STAC is critical in the modern earth observation stack, particularly for large-scale environmental monitoring, disaster response, and risk assessment scenarios. Its standardized, community-backed approach facilitates:

- **Efficient Data Discovery**: Simplifying the finding of relevant geospatial data across vast datasets.
- **Interoperability**: Enabling different systems and tools to access and use geospatial data seamlessly.
- **Scalability**: Supporting the management of increasingly large and complex datasets is a common challenge in geospatial analysis.
- **Inclusivity and Collaboration**: STAC evolves through collective insights as a community-driven standard, ensuring it remains relevant and effective for various use cases.

For organizations like the IFRC, STAC's capabilities are invaluable in rapidly accessing and analyzing data for humanitarian aid, disaster relief, and risk management purposes.

### How Can I Learn More?

To deepen your understanding of STAC and its applications:

- **STAC Specification**: Dive into the official [STAC Specification](https://stacspec.org/) for detailed documentation and standards.
- **STAC Index**: Explore the [STAC Index](https://stacindex.org/), a comprehensive resource listing STAC implementations, tools, and data catalogs, to get a better grasp of the ecosystem and its applications.
- **Developer Best Practices**: For a more technical perspective, review the [STAC Best Practices](https://github.com/radiantearth/stac-spec/blob/master/best-practices.md) on GitHub, offering in-depth guidance for developers working with STAC.

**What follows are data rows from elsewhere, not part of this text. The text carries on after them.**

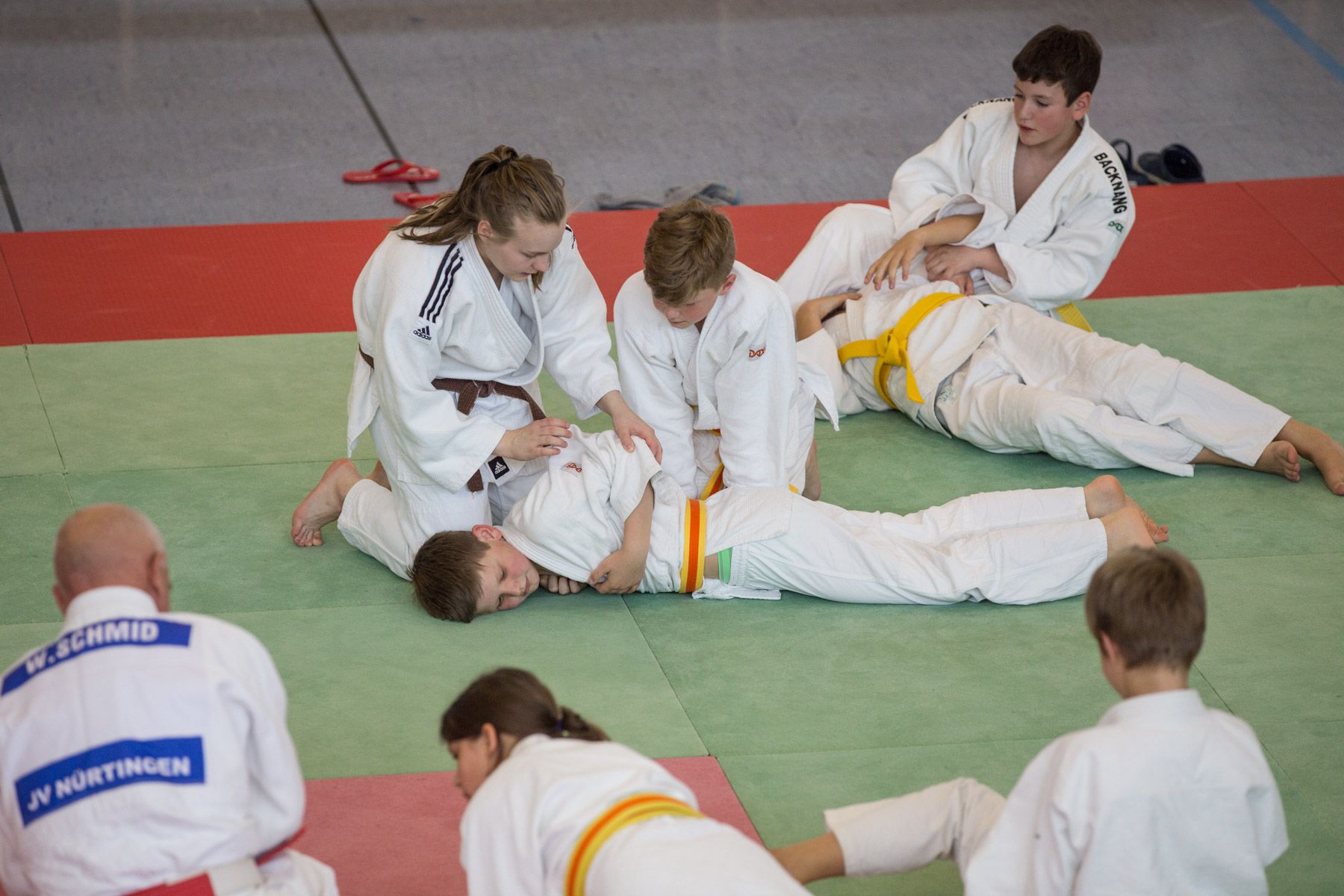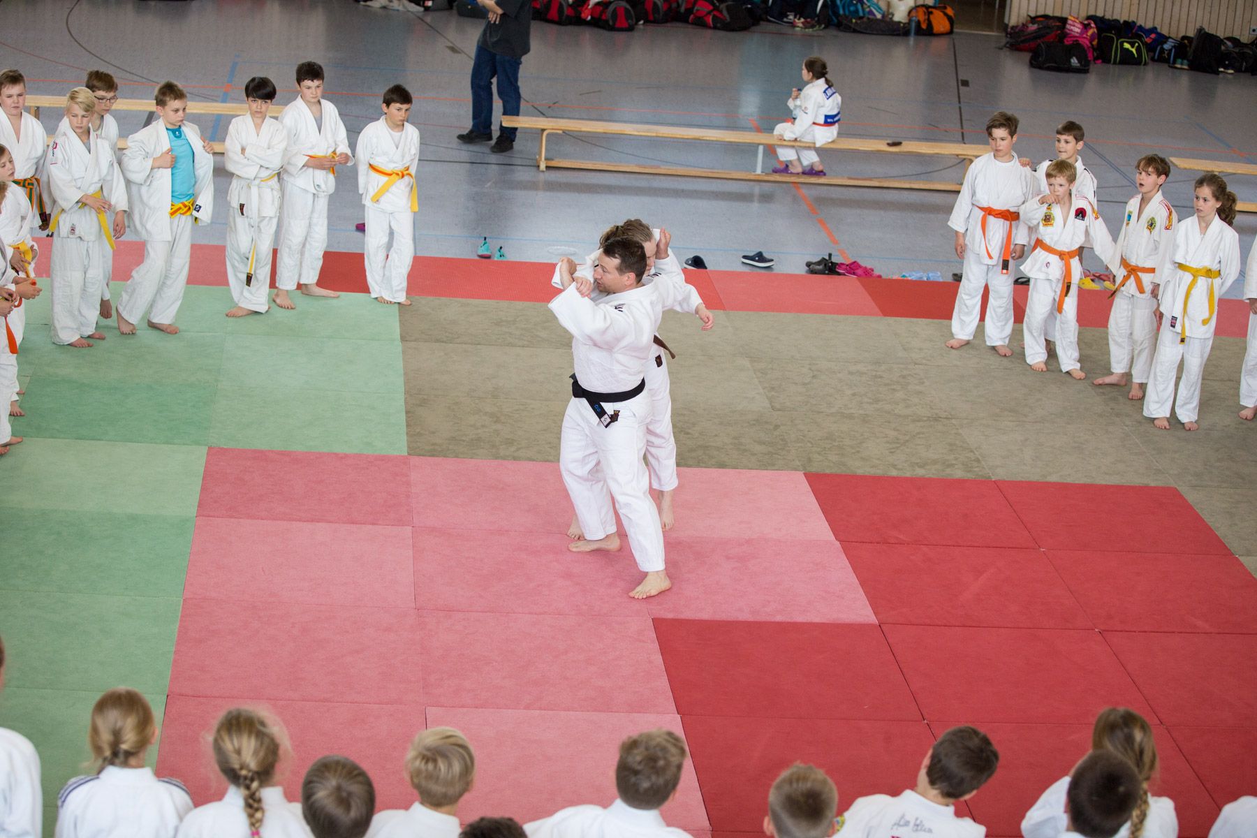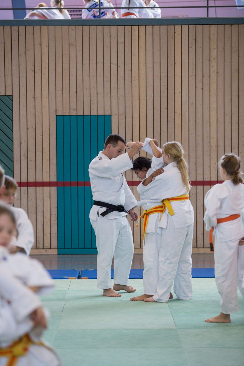Insgesamt 141 U12- und U15-Judoka übten zwischen 9:30 Uhr bis gegen 17 Uhr verschiedene Techniken im Stand- und Bodenkampf. Insgesamt fünf Trainer um den Haupttrainer Wolfgang Schmid (Inhaber des 6. Dan) leiteten die jungen Judoka an. Beim gemeinsamen Mittagessen gab es genug Zeit, um auch einmal Kämpferinnen und Kämpfer anderer Vereine kennen zu lernen und sich auszutauschen.
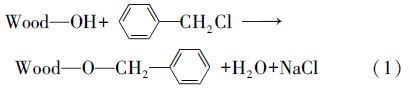 參照文獻(王東華等,2000)方法,在帶有攪拌機、溫度計和回流裝置的250 mL三口燒瓶中,加入20.0 g脫脂杉木粉和10% NaOH水溶液80~120 mL,攪拌均勻后讓其潤脹 30 min,然后加入 80~120 mL氯化芐和80 mL甲苯,攪拌下于110 ℃ 油浴中加熱反應(yīng)到設(shè)定時間,冷卻并加入少量水,抽濾,分別用50 mL 50%乙醇洗滌兩次,100 mL水洗滌兩次,再用50 mL 95%乙醇洗滌兩次,抽干,在60 ℃下干燥至恒重,得芐基化杉木粉,簡稱“芐基化木粉”,轉(zhuǎn)入干燥器中,并計算增重百分率(WPG).木粉芐基化改性的化學反應(yīng)式如下:
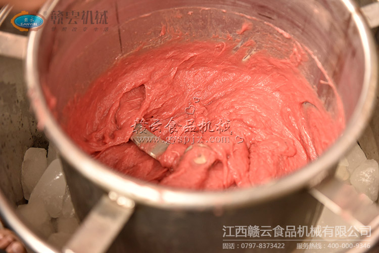 本次試機(jī)主要采用了32型強(qiáng)力絞肉機(jī)、28型高速肉丸打漿機(jī)和贛云第三代包心肉丸機(jī),由于市場購買的是新鮮牛肉,所以原定計(jì)劃采用變頻慢速肉丸打漿機(jī)試機(jī)的臨時改為高速肉丸打漿機(jī)。
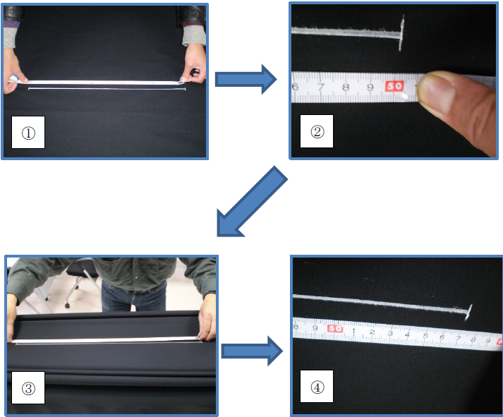 50cm のラインが 57cm になりました。結果、+14%の伸度があるということになります。ポリエステル 100% の生地でもこれだけのストレッチ性があれば、動きやすいビジネススーツやワーキングウェアを作ることができます。前述のゴルフスラックスでストレッチ織物の需要が高まったのは、伸度と同時に軽くてシルエット性のよい生地が求められたからであり、ニットスラックスの問題点であった膝抜け(ひざぬけ)を解消することができたからだと考えられています。膝抜けとは、繰り返し着用しているうちに膝の部分がふくれあがる現象のことです。
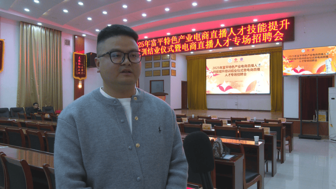 富平县人社局副局长 雷航亮:此次我们将电商直播人才培训结业仪式与专场招聘会同步举办,核心目的是通过提升电商直播人才的技能水平,实现技能与岗位精准匹配、培训与就业无缝衔接,帮助重点就业群体拓宽增收路径,切实解决群众就业难题与企业用工需求。未来,我们将持续创新职业技能培训模式,结合市场需求优化课程设置,让更多群众通过技能提升找到稳定工作,为县域经济发展注入更多人社力量。
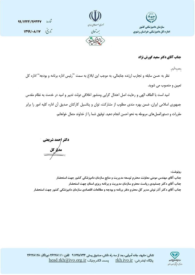طی حکمی که از سوی مدیر کل دامپزشکی استان خراسان رضوی صادر شد، دکتر سعید کورش نژاد به عنوان رییس اداره برنامه و بودجه این اداره کل منصوب شد.
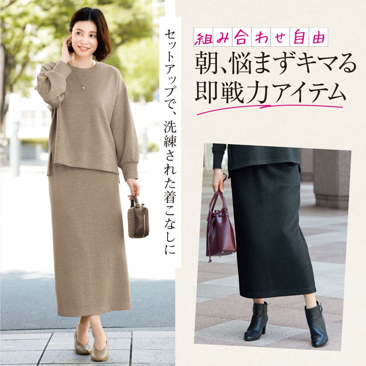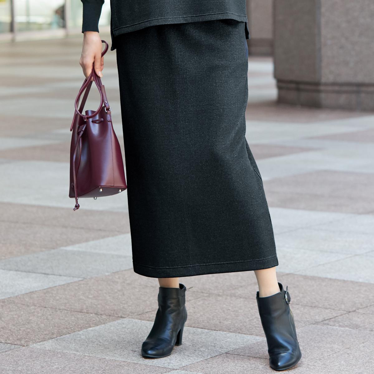 やや長め丈で上品に見えつつ、後ろスリットで歩きやすさも◎
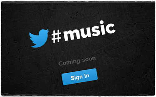 Twitter #Music è un nuovo servizio, integrato al sito di microblogging, dedicato alla musica dove, secondo alcuni blog, sarà possibile effettuare ricerche ed ascoltare i nostri brani preferiti e sopratutto condividerli via Twitter.
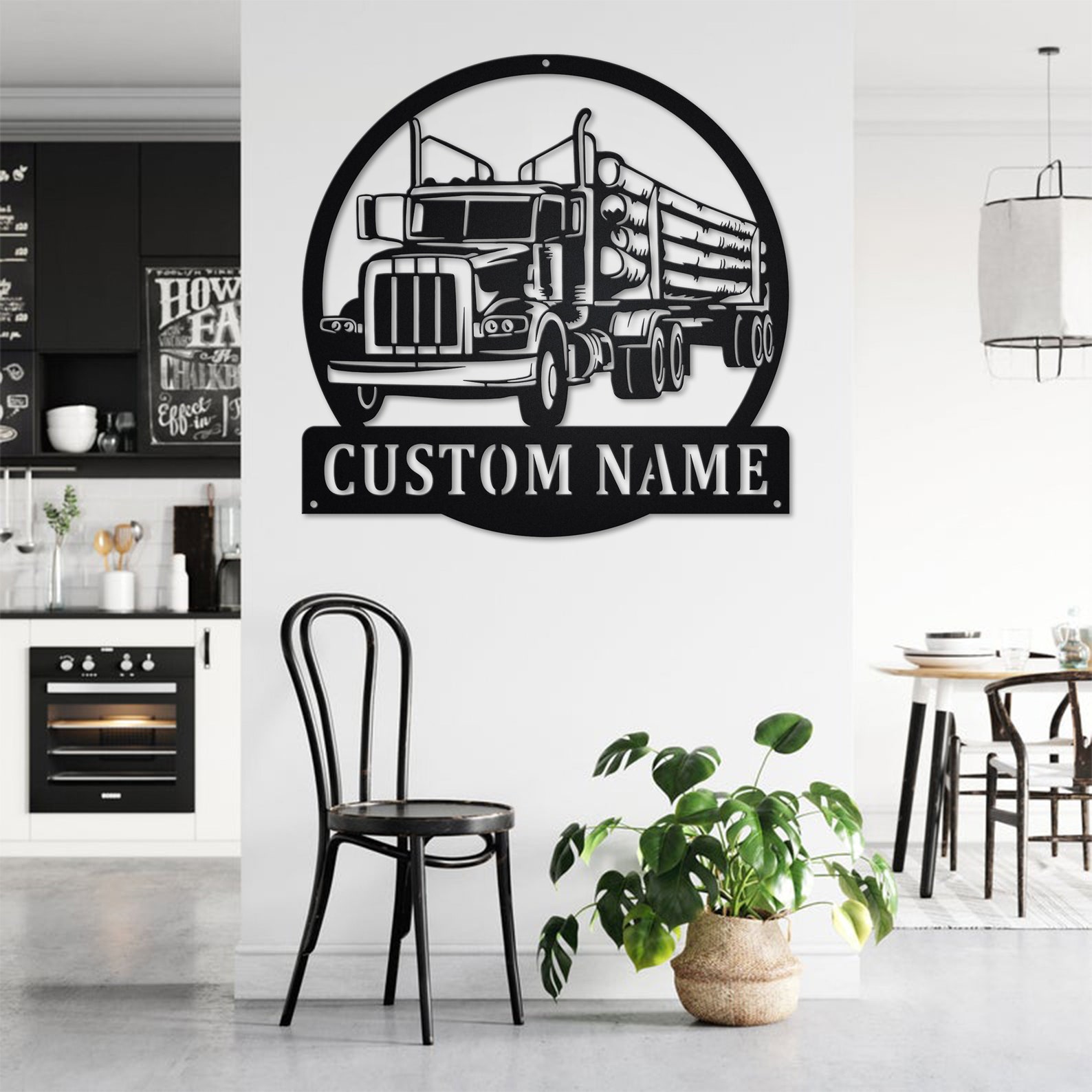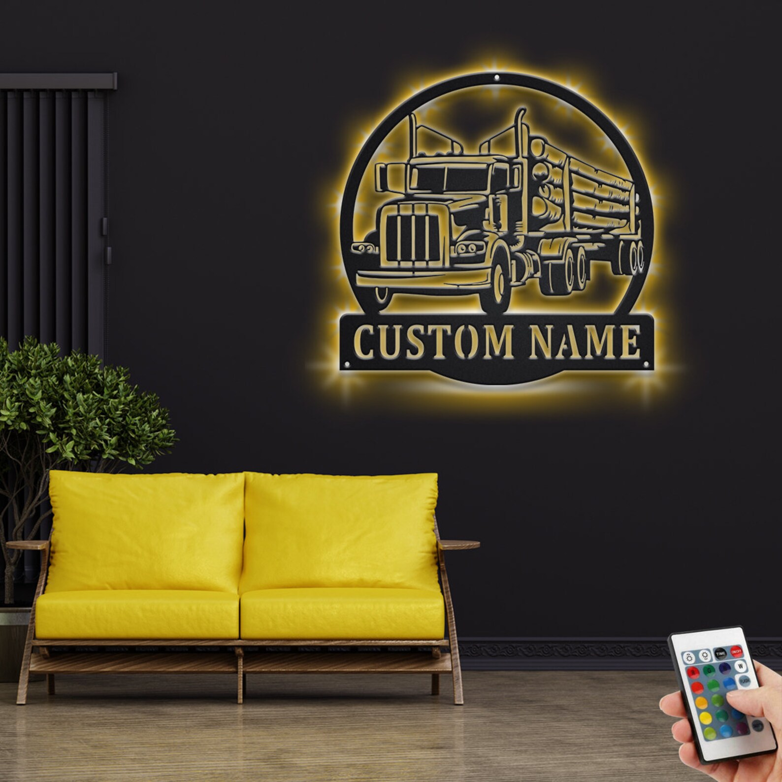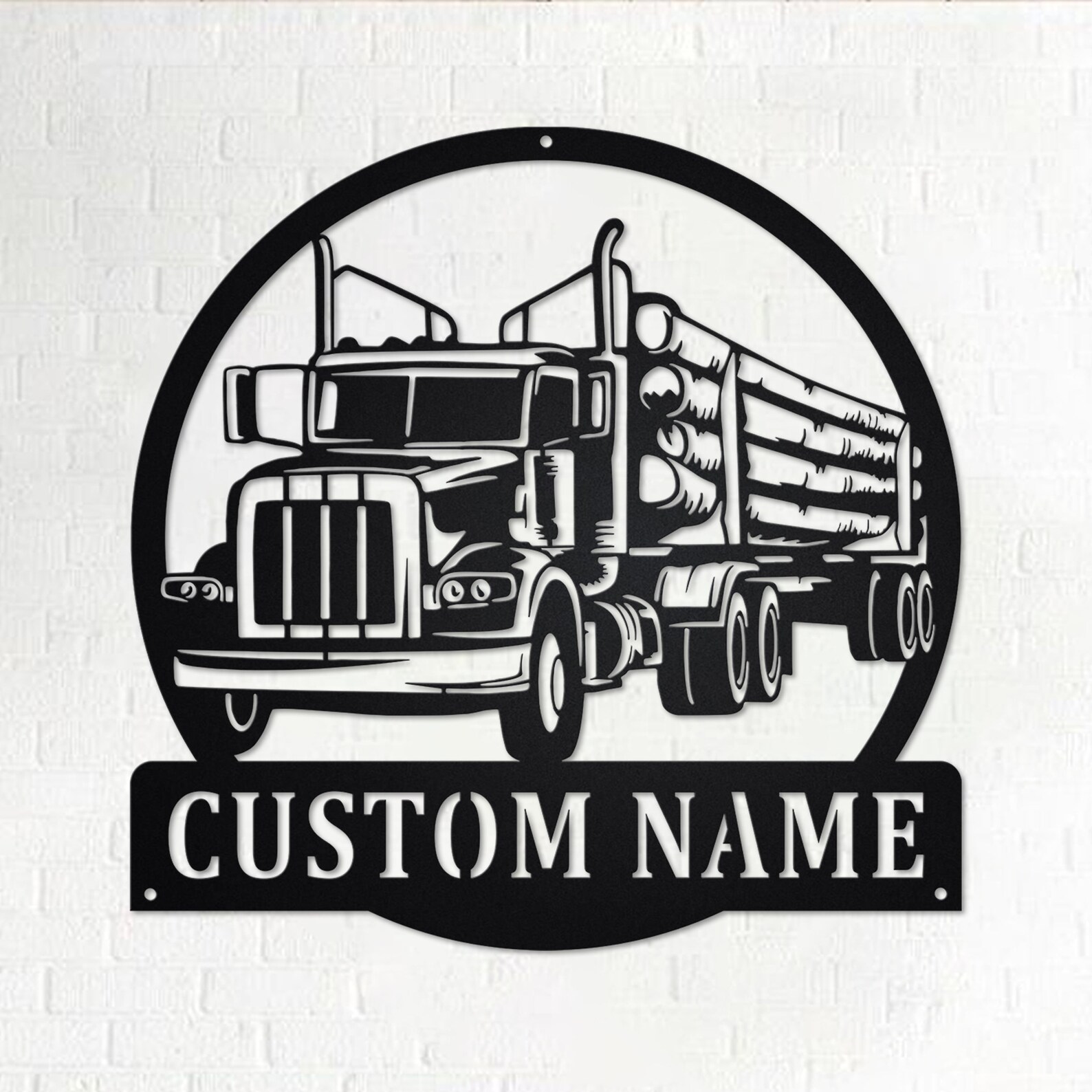 Log Truck Metal Art with LED, Personalized Sign
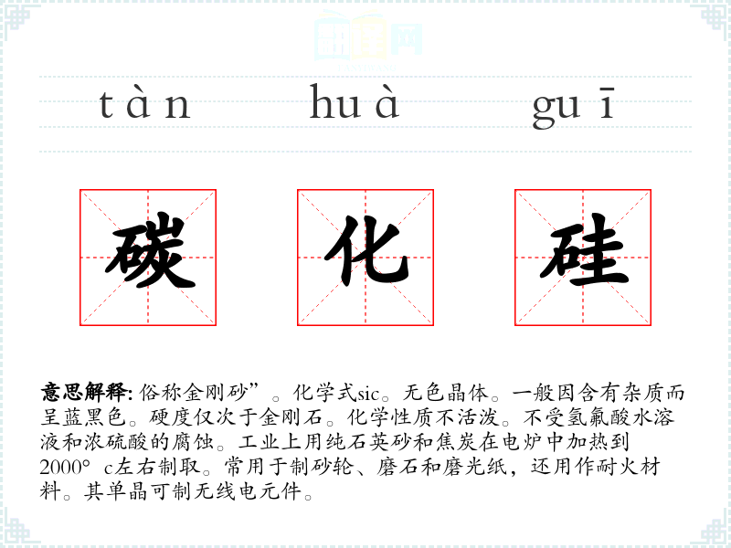 1.俗称金刚砂”。化学式sic。无色晶体。一般因含有杂质而呈蓝黑色。硬度仅次于金刚石。化学性质不活泼。不受氢氟酸水溶液和浓硫酸的腐蚀。工业上用纯石英砂和焦炭在电炉中加热到2000°c左右制取。常用于制砂轮、磨石和磨光纸,还用作耐火材料。其单晶可制无线电元件。
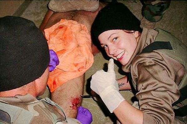 Leash-girl Lynndie England got most of the attention, but Sabrina Harman, the latest U.S. solier to go on trial for what happened at Abu Ghraib, was always our favorite. That radiant smile. The coquettish curl of her hair. In her hands, corpse-fondling seemed fresh and wholesome and a little daffy, great fodder for a Drew Barrymore Abu Ghraib rom-com,Never Been Sodomized with a Chemical Light Stick. But Harman, who popped up in the man-pile photo , allegedly wrote "rapeist" on one prisoner's leg, and is charged with five counts of maltreatment for threatening a prisoner with electrocution, wasn't actually having much fun at the Iraqi prison. Instead, she took snapshots to document the abuses that were transpiring there. "It bothered her and she started taking pictures to document what was going on," her attorney explained in a courtroom yesterday. And then, as if to underscore her shock over the terrible things she witnessed, Harman hopped up from behind the defense's table, smacked the prosecutor with a wet towel, stripped him, wrote "stupid loyer" on his naked torso, and started sobbing with laughter.— GREG BEATO
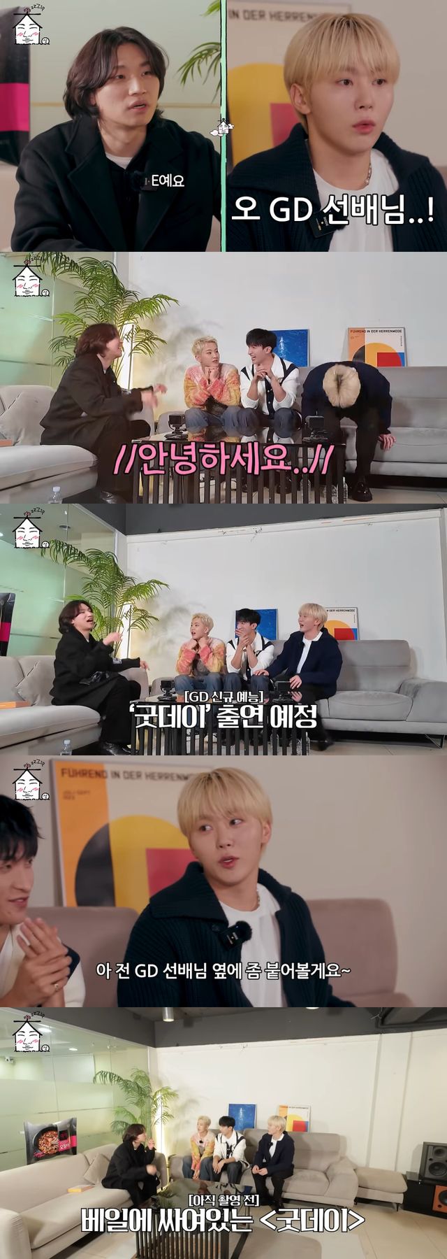 호시는 김태호 PD가 연출하고 지드래곤이 출연하는 MBC 새 예능 ‘굿데이’ 촬영에 대해 언급했다. 승관은 “지드래곤 선배님 옆에 붙어보겠다”고 말하자 대성은 “근데 E라고 나처럼 이렇게 잘 보듬어주지 않을 것”이라고 얄밉게 대답했다.
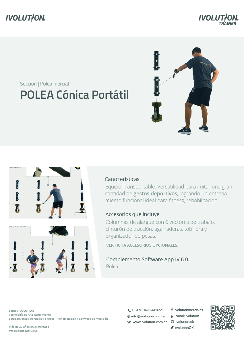 A diferencia de las poleas inerciales planas (como la YoYo), las cónicas permiten una variabilidad continua en la intensidad y el tipo de contracción, con aplicaciones específicas en el desarrollo de fuerza multidireccional, estabilización y readaptación funcional.

As we progress through this notebook, we'll explore applying STAC principles using eoAPI in practical scenarios.

## COG: What is it? Why is it important? How can I learn more?

### What is a COG (Cloud Optimized Geotiff)?

A Cloud Optimized GeoTIFF (COG) is a variant of the TIFF image format tailored explicitly for optimized access over a network. A raster format specifies a particular layout of internal data within the GeoTIFF specification, allowing for efficient, subsetted, or aggregated access. This format is designed to enable efficient workflows on the cloud by leveraging HTTP GET range requests for just the parts of the file needed. COGs are regular GeoTIFF files, making them backward compatible with other geospatial software but with an internal organization that enables more efficient data access and processing.

### Why is COG Important?

COGs represent a significant advancement in geospatial data handling, primarily due to:

- **Efficient Imagery Data Access**: COG-aware software can stream just the portion of data it needs, significantly improving processing times and enabling real-time workflows that were previously not possible.
- **Internal Compression and Optimized Read Performance**: COGs are internally compressed, meaning the inner blocks in a GeoTIFF are already compressed. This internal compression allows COG readers to decompress only the specific portion of the file requested rather than the entire file.
- **Reduced Duplication of Data**: COGs enable diverse software to access a single file online, reducing the need to copy and cache data.
- **Legacy Compatibility**: Traditional GIS software can treat cloud-optimized geoTIFFs just like normal geoTIFFs, simplifying data management.

### How Can I Learn More?

For a deeper dive into COGs and to understand their implementation and usage:

- **Official Documentation**: Visit the [COG website](https://www.cogeo.org/) for a comprehensive understanding of COGs and their implementation details.
- **Cloud Native Geospatial Formats Guide**: The [Cloud Native Geospatial Formats Guide](https://guide.cloudnativegeo.org/) offers detailed insights into COGs, including advanced details and working examples to help you grasp the practical applications of this format.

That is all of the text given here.